Task details ::
The output should be the listing below, limited to the lines from the one with "Caixa Organizadora Com" through the one with "<div>Çin’in Hubei eyaletinde", exact and without pictures.

Source information ::
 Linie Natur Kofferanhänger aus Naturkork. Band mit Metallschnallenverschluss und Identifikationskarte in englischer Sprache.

---

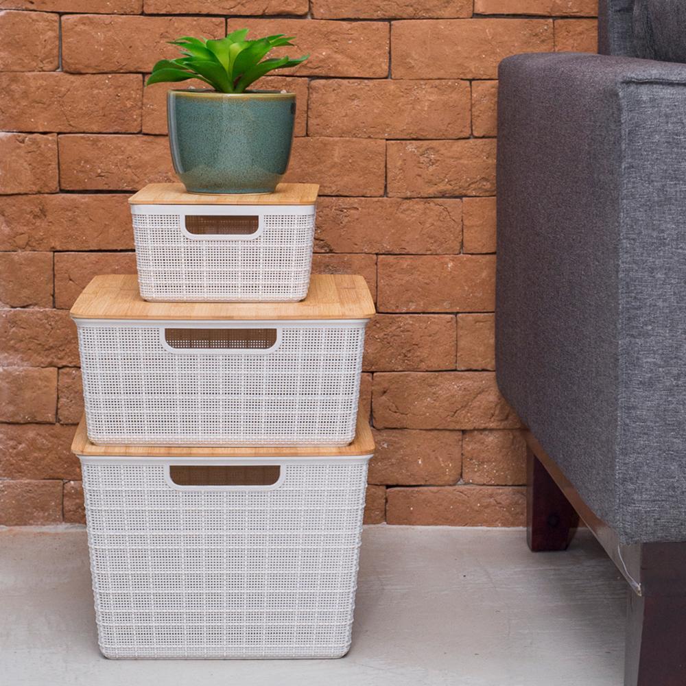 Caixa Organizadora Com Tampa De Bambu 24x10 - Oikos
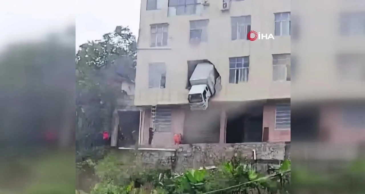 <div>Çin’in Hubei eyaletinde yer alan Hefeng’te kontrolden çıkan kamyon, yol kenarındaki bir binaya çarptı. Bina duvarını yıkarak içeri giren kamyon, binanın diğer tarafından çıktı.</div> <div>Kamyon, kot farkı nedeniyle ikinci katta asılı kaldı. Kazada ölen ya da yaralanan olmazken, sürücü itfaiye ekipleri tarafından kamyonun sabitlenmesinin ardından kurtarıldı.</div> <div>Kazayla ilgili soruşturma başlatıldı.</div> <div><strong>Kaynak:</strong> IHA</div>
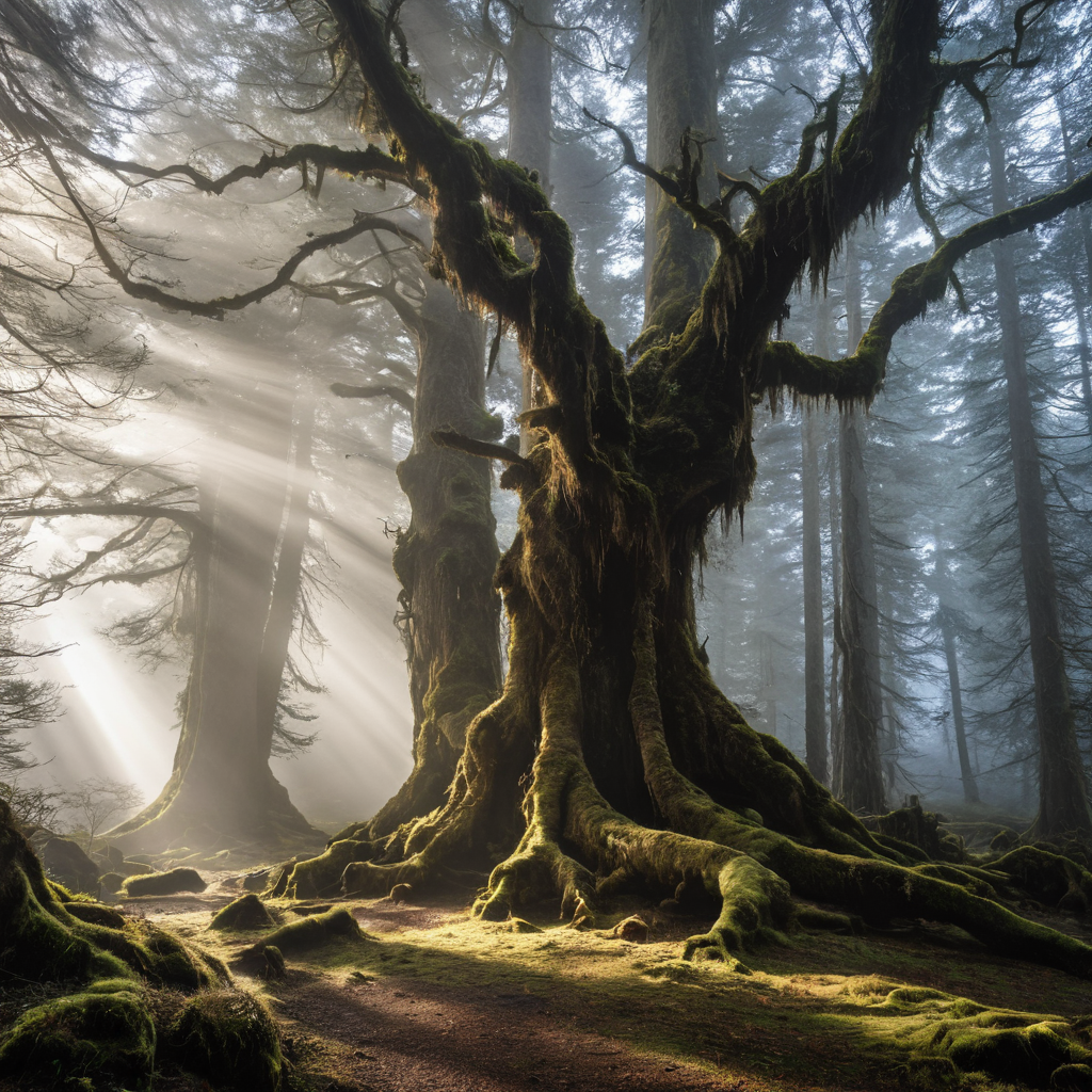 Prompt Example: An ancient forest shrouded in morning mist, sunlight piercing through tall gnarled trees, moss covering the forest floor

Exercise response ::
 Caixa Organizadora Com Tampa De Bambu 24x10 - Oikos
 <div>Çin’in Hubei eyaletinde yer alan Hefeng’te kontrolden çıkan kamyon, yol kenarındaki bir binaya çarptı. Bina duvarını yıkarak içeri giren kamyon, binanın diğer tarafından çıktı.</div> <div>Kamyon, kot farkı nedeniyle ikinci katta asılı kaldı. Kazada ölen ya da yaralanan olmazken, sürücü itfaiye ekipleri tarafından kamyonun sabitlenmesinin ardından kurtarıldı.</div> <div>Kazayla ilgili soruşturma başlatıldı.</div> <div><strong>Kaynak:</strong> IHA</div>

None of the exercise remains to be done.